OAO Uralkali, the world’s largest potash producer by output, will seek to maintain prices as it prepares to sign contracts with India and China and global droughts impoverish the soil, said Chief Executive Officer Vladislav Baumgertner.
“We will do our best to protect the current prices,” Baumgertner said in an interview at Bloomberg headquarters in New York yesterday. “We see a stable price environment in key markets this year.”
Dry weather in countries including the U.S., Australia and Russia this year has left soil parched, damaging crops. Potash, a form of potassium, is used by farmers to strengthen stalks and roots and help plants fight disease.
Uralkali jumped 2.9 percent to $42.18 by 1:12 p.m. in London, heading for the highest close since July 20. The shares rose 0.8 percent to 259.22 rubles in Moscow, extending its gain this year to 11 percent. The ruble-denominated Micex (INDEXCF) benchmark stock index has gained more than 9 percent in 2012.
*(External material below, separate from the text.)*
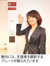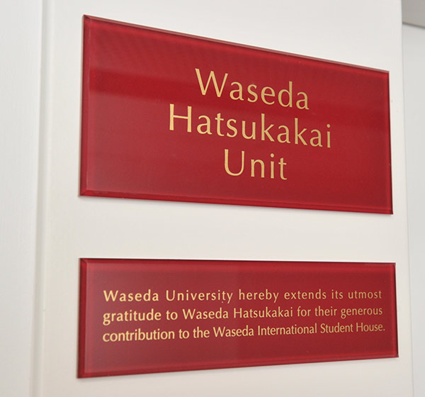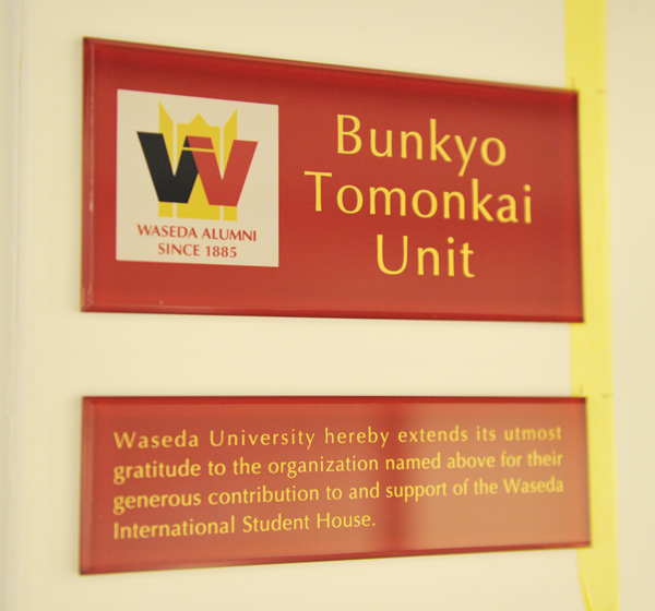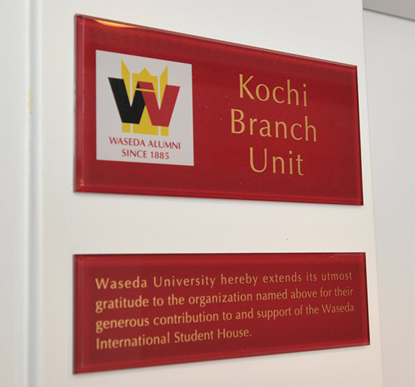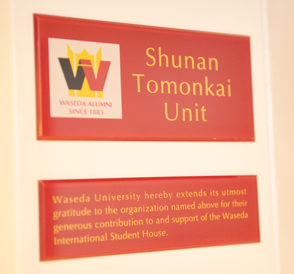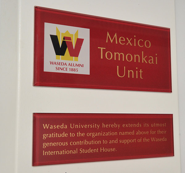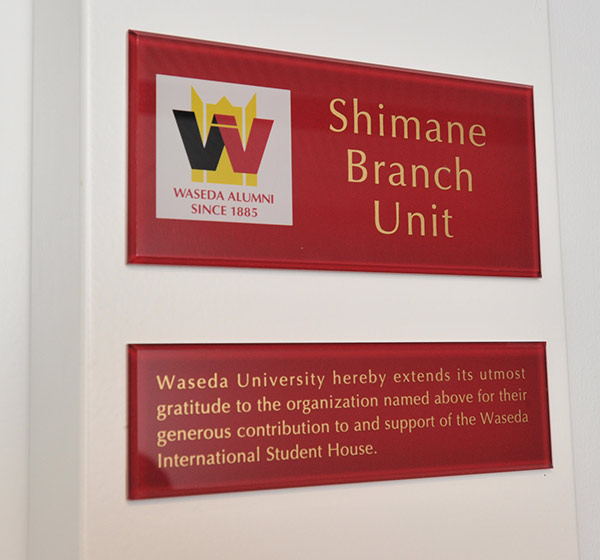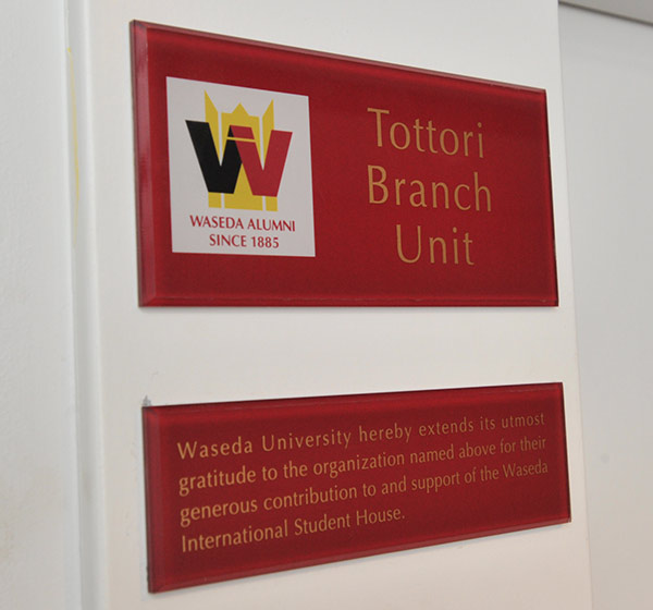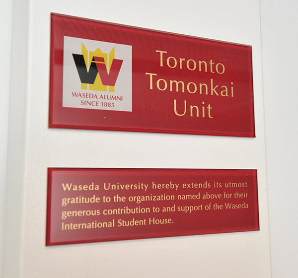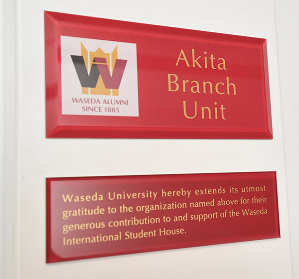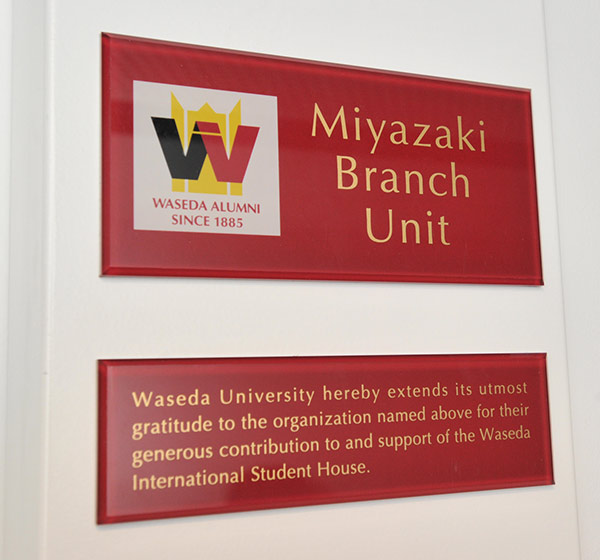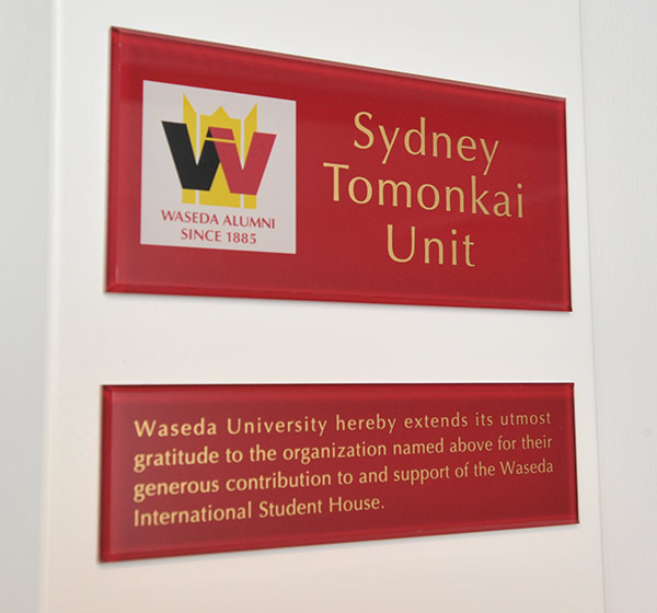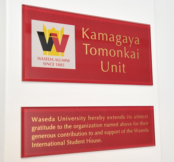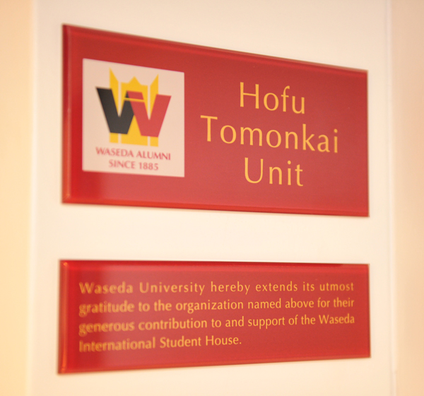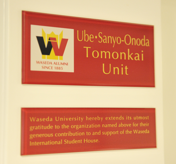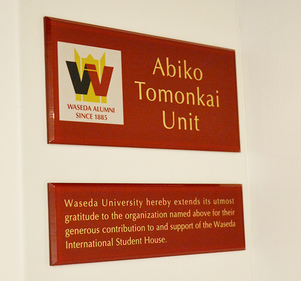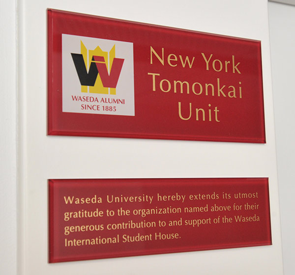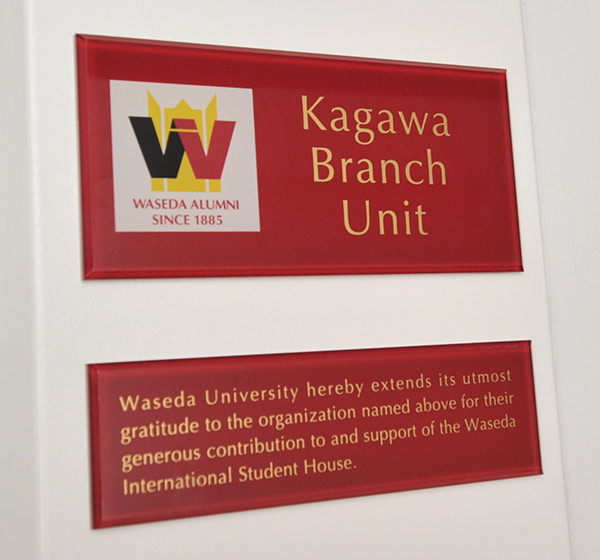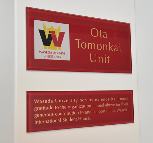 WISHのオープンにあたっては、多くの校友のみなさまに支援をいただきました。ご寄付は寮費を6万3000円から5万3000円へ減額する原資となっています。そうした支援を顕彰すべく、各寮室の入口右柱に記念のプレートを設置しています。プレートは80mm×130mmの透明アクリルガラス製。スクールカラーであるえんじ色の下地に金色で法人、団体、個人名が記されています(国際学生寮のため、英語表記)。

Uralkali will probably sign a new contract with China by November and a new contract with India “immediately after that,” he said. Belarusian Potash Co., a trader part owned by Uralkali, has held the potash price for China at $470 a metric ton since the second half of 2011, and for India at $490 a ton since August 2011.
The devaluation of the Indian rupee and an end of subsidies for farmers reduced demand for Uralkali’s potash, Baumgertner said. China and India could generate an increase in fertilizer consumption if the nations focus on domestic food production as opposed to imports, he said.
“We don’t see governments in China and India acting rationally,” Baumgertner said. “But we see huge potential there.”